• [Action item]
The copy should hold exactly the lines below from the one that contains "KGC 역시 외국선수" through the one that contains "Fig. 3. Temperature" and nothing else, so no pictures.

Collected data
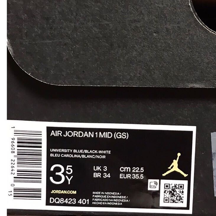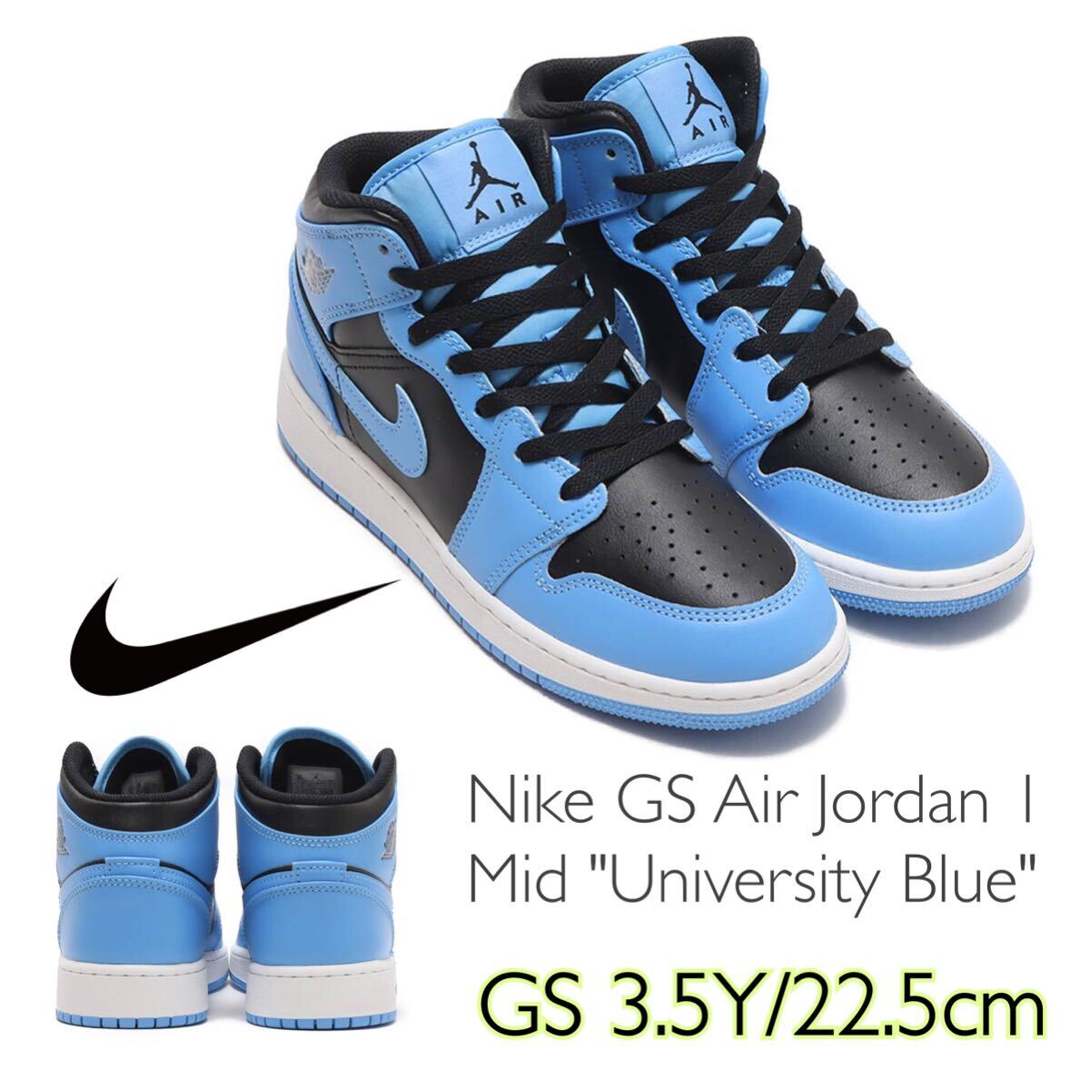 ナイキ GS エアジョーダン1 ミッド "ユニバーシティブルー"(DQ8423-401)青22.5cm箱無し
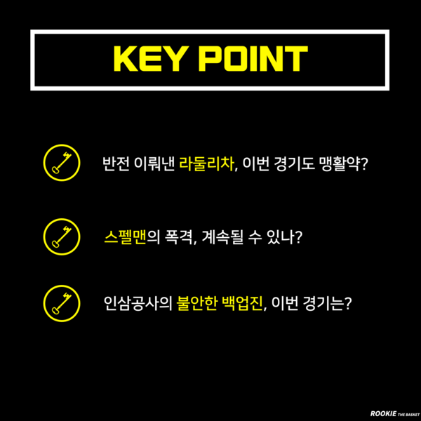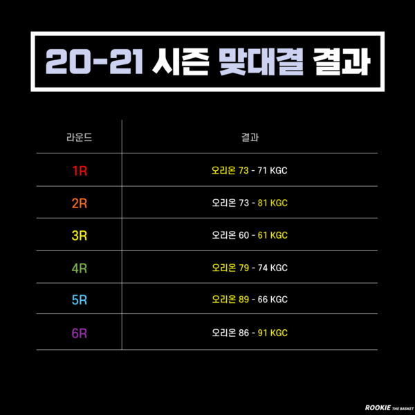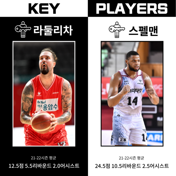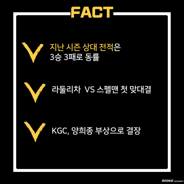 KGC 역시 외국선수 오마리 스펠맨의 활약이 대단하다. 2경기 모두 대단한 폭발력을 보이며 '넥스트 설린저'의 등장을 예고했다. KGC로서는 변준형, 전성현, 오세근 등 국내선수들이 동반 활약하는 것이 중요하다. 한편 베테랑 양희종은 부상으로 이번 경기 역시 나서지 못한다.
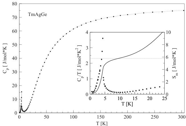 Fig. 3. Temperature dependence of the specific heat of TmAgGe. The inset presents the low-temperature part of \( c_{p}/T \) (dots) and magnetic entropy \( S_{m} \) (solid line). The entropy level \( Rln2 \) is marked by dotted line.
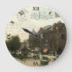 Nostalgie Cartes Postales Clocks by Terri Meyer "Turning Back the Hands of Time" Combinant histoire et fonction, cette horloge a été conçue à partir d'une carte postale vintage par l'artiste Terri Meyer. Les notes écrites à l'arrière de la carte décrivent les moments de renseignements personnels et le cachet postal valide l'emplacement et le délai de la carte postale. Cette horloge représente le Carré du marché à Piqua, Ohio, en 1912.
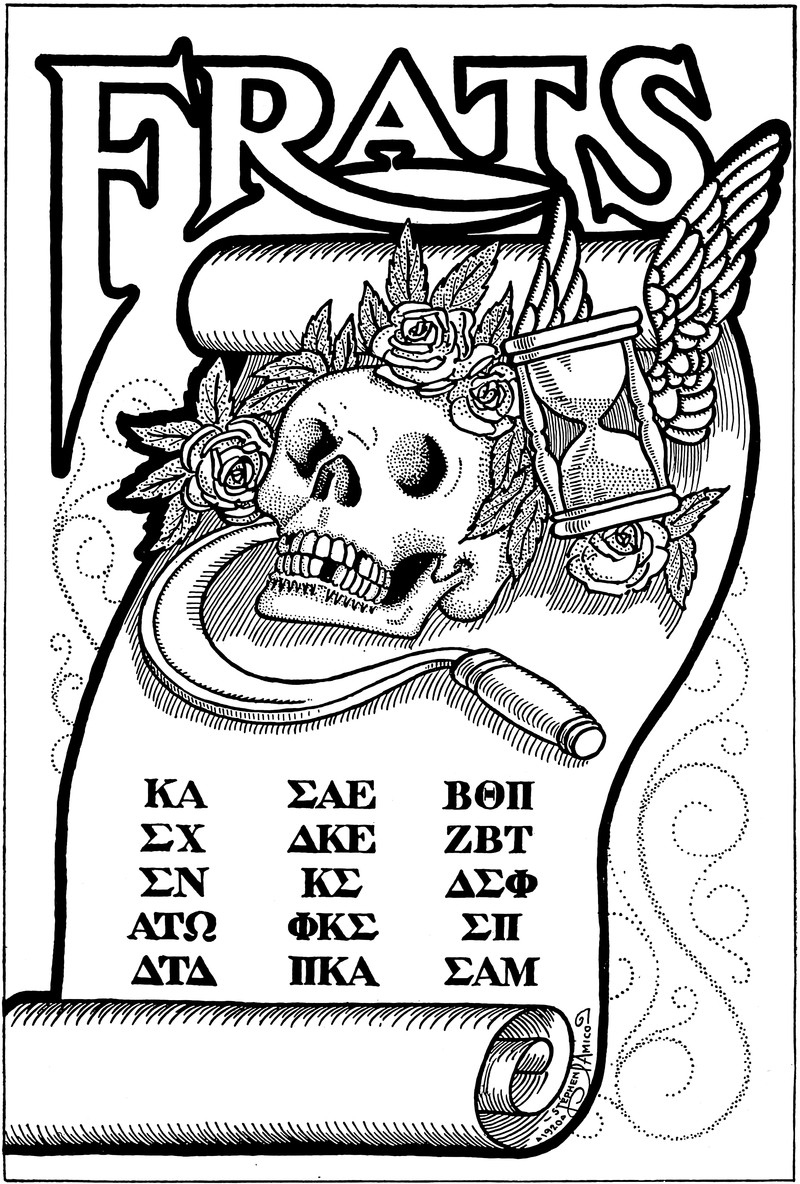 #vintage illustration #vintage yearbook #yearbook #fraternities #illustration

• [Answer to this exercise]
 KGC 역시 외국선수 오마리 스펠맨의 활약이 대단하다. 2경기 모두 대단한 폭발력을 보이며 '넥스트 설린저'의 등장을 예고했다. KGC로서는 변준형, 전성현, 오세근 등 국내선수들이 동반 활약하는 것이 중요하다. 한편 베테랑 양희종은 부상으로 이번 경기 역시 나서지 못한다.
 Fig. 3. Temperature dependence of the specific heat of TmAgGe. The inset presents the low-temperature part of \( c_{p}/T \) (dots) and magnetic entropy \( S_{m} \) (solid line). The entropy level \( Rln2 \) is marked by dotted line.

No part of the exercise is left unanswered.